__Task instructions__
Set out exactly, line by line, the stretch of data below that begins at the line containing "Nexus5のバックパネルを" and ends at the line containing "样品瓶,高硼硅3.3透明玻璃", with both ends kept.

__Excerpted data__
Content starts
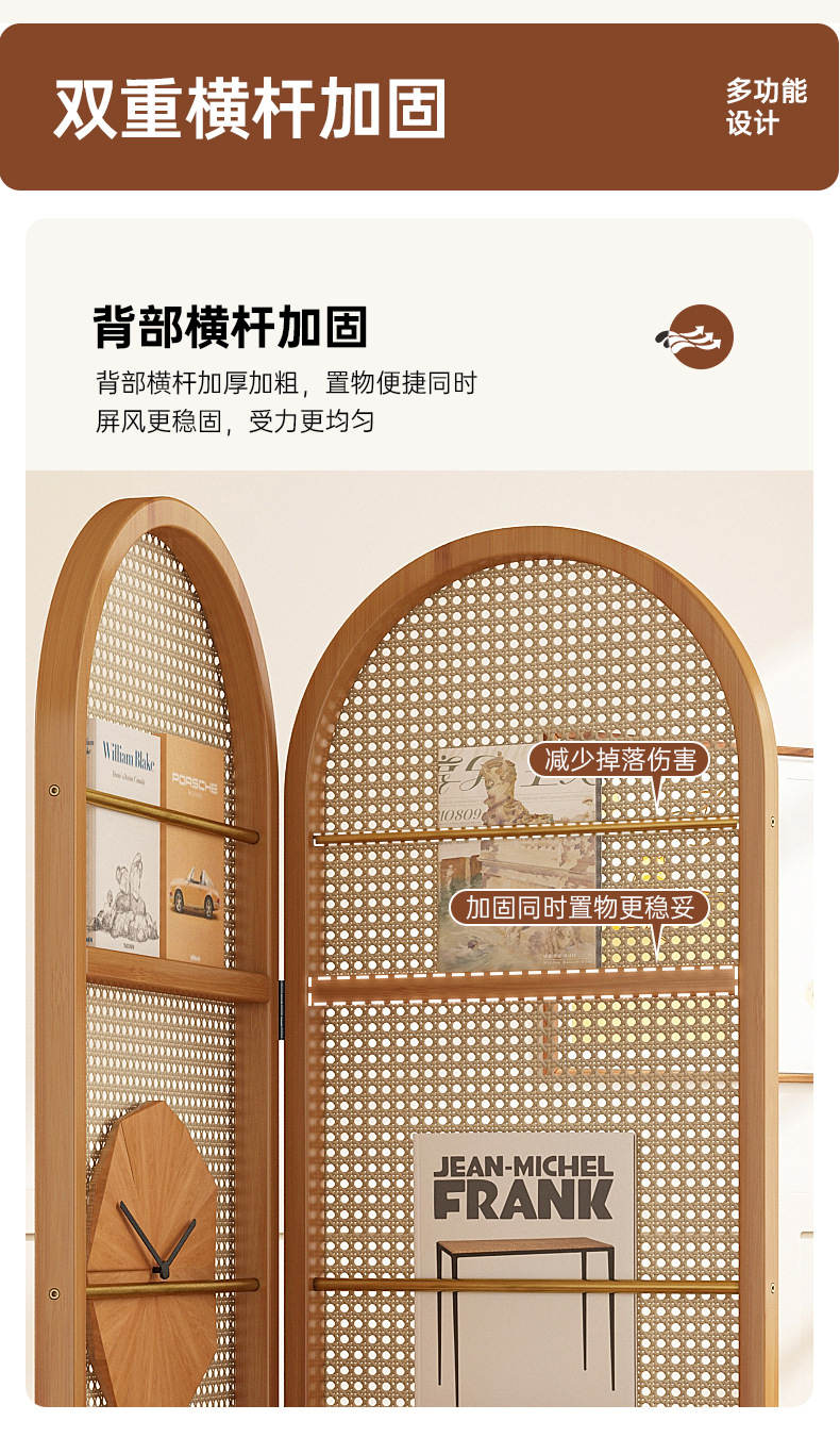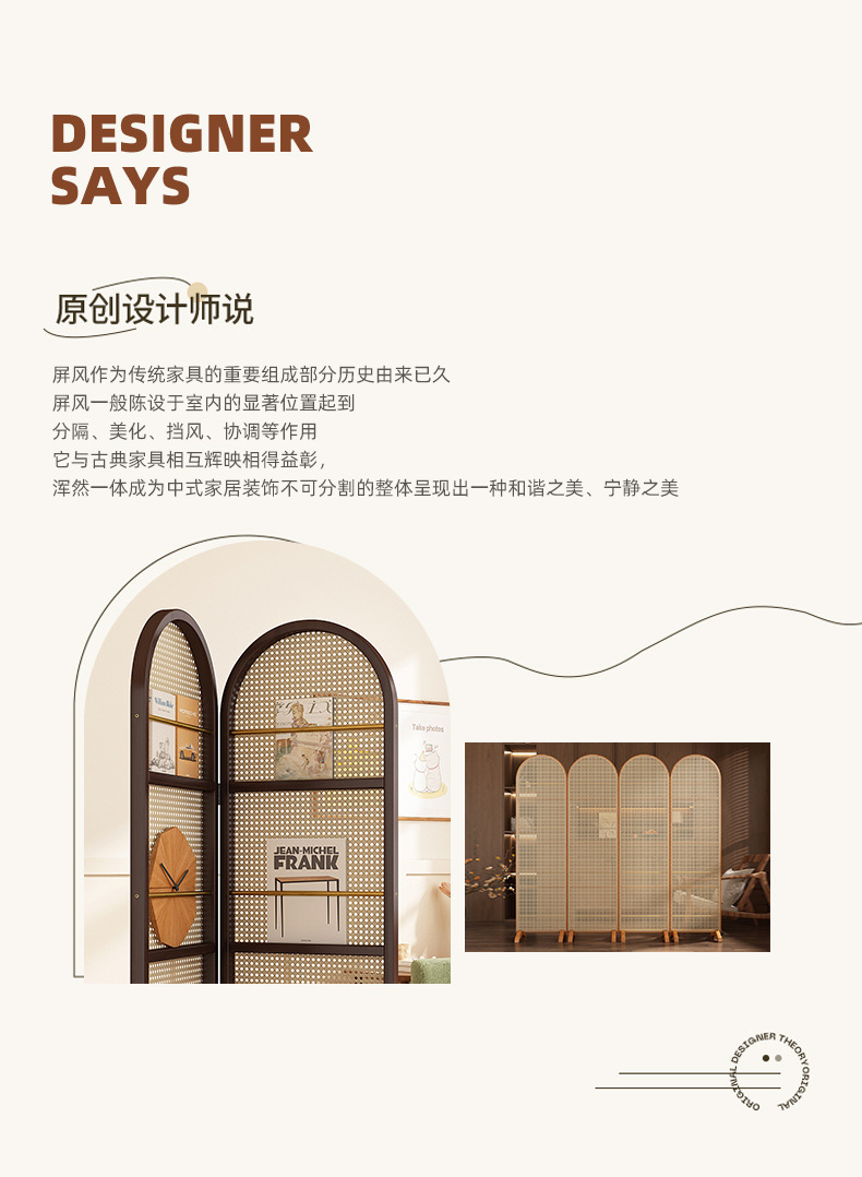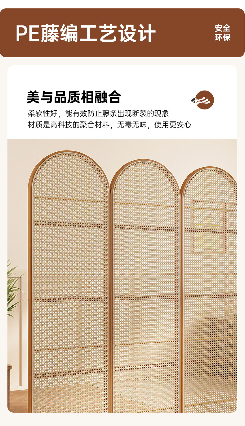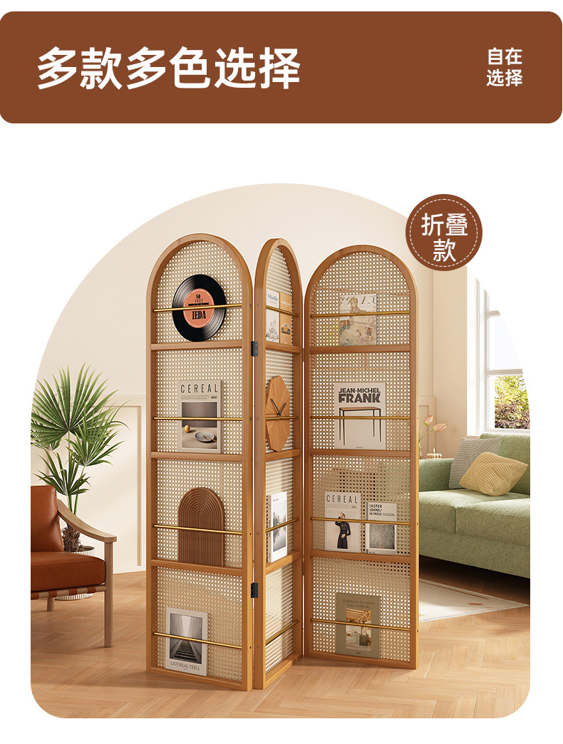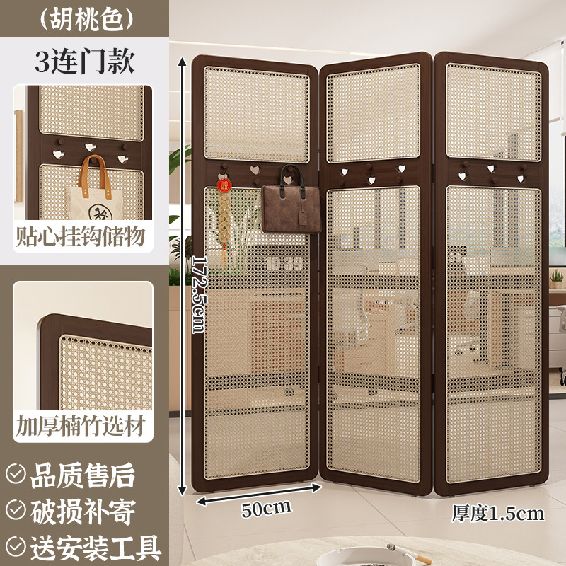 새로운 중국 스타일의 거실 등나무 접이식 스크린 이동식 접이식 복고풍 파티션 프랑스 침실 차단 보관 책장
Content ends
Content starts
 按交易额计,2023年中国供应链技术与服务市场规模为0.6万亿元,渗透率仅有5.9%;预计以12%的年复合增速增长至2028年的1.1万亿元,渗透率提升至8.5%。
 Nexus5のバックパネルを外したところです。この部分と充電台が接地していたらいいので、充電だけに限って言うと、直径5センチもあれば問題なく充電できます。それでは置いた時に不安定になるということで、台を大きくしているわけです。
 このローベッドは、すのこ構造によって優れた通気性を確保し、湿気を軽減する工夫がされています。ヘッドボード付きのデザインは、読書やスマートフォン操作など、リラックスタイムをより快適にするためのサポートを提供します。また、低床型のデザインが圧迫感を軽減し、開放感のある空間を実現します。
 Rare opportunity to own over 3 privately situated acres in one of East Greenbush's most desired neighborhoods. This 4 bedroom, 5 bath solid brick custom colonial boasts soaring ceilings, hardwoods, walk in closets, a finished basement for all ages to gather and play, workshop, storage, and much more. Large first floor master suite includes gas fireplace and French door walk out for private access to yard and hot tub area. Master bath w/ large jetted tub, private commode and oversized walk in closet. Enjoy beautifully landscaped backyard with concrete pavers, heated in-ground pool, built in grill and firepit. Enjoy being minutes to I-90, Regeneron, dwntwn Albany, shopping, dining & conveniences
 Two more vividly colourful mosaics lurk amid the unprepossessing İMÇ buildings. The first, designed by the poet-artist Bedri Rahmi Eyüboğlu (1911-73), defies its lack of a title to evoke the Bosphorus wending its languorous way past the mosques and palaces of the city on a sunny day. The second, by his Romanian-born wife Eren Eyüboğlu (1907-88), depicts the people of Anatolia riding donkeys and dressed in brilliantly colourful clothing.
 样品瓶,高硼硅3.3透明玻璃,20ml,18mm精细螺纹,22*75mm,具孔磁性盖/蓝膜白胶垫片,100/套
Content ends
Content starts
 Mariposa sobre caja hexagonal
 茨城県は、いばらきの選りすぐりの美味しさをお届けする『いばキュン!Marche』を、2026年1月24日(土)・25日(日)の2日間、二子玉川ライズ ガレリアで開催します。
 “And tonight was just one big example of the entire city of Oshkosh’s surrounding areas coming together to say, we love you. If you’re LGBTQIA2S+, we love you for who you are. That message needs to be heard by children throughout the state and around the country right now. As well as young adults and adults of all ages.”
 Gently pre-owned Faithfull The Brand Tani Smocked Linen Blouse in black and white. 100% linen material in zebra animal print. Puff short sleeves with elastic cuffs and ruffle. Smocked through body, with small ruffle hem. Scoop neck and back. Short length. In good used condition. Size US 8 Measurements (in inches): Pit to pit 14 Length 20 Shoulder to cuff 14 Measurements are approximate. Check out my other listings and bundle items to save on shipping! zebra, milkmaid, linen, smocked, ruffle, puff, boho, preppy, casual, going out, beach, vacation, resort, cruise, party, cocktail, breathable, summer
Content ends
__Exercise solution__
 Nexus5のバックパネルを外したところです。この部分と充電台が接地していたらいいので、充電だけに限って言うと、直径5センチもあれば問題なく充電できます。それでは置いた時に不安定になるということで、台を大きくしているわけです。
 このローベッドは、すのこ構造によって優れた通気性を確保し、湿気を軽減する工夫がされています。ヘッドボード付きのデザインは、読書やスマートフォン操作など、リラックスタイムをより快適にするためのサポートを提供します。また、低床型のデザインが圧迫感を軽減し、開放感のある空間を実現します。
 Rare opportunity to own over 3 privately situated acres in one of East Greenbush's most desired neighborhoods. This 4 bedroom, 5 bath solid brick custom colonial boasts soaring ceilings, hardwoods, walk in closets, a finished basement for all ages to gather and play, workshop, storage, and much more. Large first floor master suite includes gas fireplace and French door walk out for private access to yard and hot tub area. Master bath w/ large jetted tub, private commode and oversized walk in closet. Enjoy beautifully landscaped backyard with concrete pavers, heated in-ground pool, built in grill and firepit. Enjoy being minutes to I-90, Regeneron, dwntwn Albany, shopping, dining & conveniences
 Two more vividly colourful mosaics lurk amid the unprepossessing İMÇ buildings. The first, designed by the poet-artist Bedri Rahmi Eyüboğlu (1911-73), defies its lack of a title to evoke the Bosphorus wending its languorous way past the mosques and palaces of the city on a sunny day. The second, by his Romanian-born wife Eren Eyüboğlu (1907-88), depicts the people of Anatolia riding donkeys and dressed in brilliantly colourful clothing.
 样品瓶,高硼硅3.3透明玻璃,20ml,18mm精细螺纹,22*75mm,具孔磁性盖/蓝膜白胶垫片,100/套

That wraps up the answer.